299 「鳥(2)」
ある神社を参拝したときに必ず後ろをついてくる巨大な鳥の話を前に書いたことがありますが、その話をまだ読んでいない人のために簡単に説明しますと、その神社には大きな池があり駐車場に戻る際にその池に沿った道を歩いていると必ず巨大な鳥が後をついて来るというものですが、その大きさが尋常ではなく1メートルは優に超えているのです。
首の長い白鳥や七面鳥ならそのくらいのサイズはいるのかも知れませんが、それはアヒルやカモのようなそれほど首の長くないタイプの鳥なものですからその大きさに違和感があるのです。しかもその鳥は私以外には見えていないという話です。

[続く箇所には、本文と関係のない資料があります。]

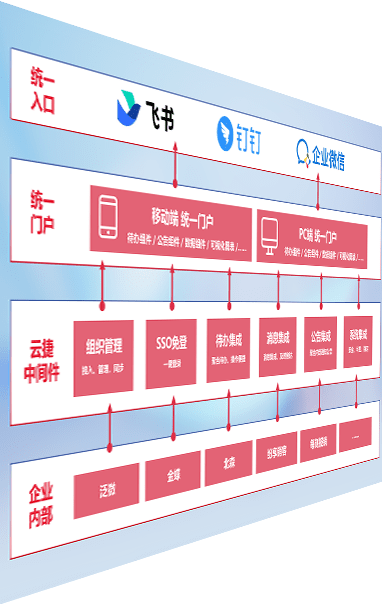 对协作平台提供支持服务,,支持企业应用与协作平台对接,,,包含组织同步、、消息集成、、、待办集成等。。支持目前主流的协作平台:钉钉、、、企微和飞书。。

ところがつい最近ある知人I君と雑談をしている時に偶然その話になって驚いたのですが、何とI君もその鳥のことを知っていたのです。I君の話を聞く限りでは同じ場所で同じ鳥を見ているようでした。しかも誰に話してもそんな鳥は見たことがないと言われるのでその鳥のことは封印していたようです。
I君との話の中で面白かったのが『その鳥はなぜ途中で姿を消すのか』という私の問いに『ああ、それはきっと右足に怪我をしているから長い距離を歩けないのですよ』と言ったことです。確かに私が見たその鳥は右足を踏み出す時に少し重心が右側に傾く癖があったからです。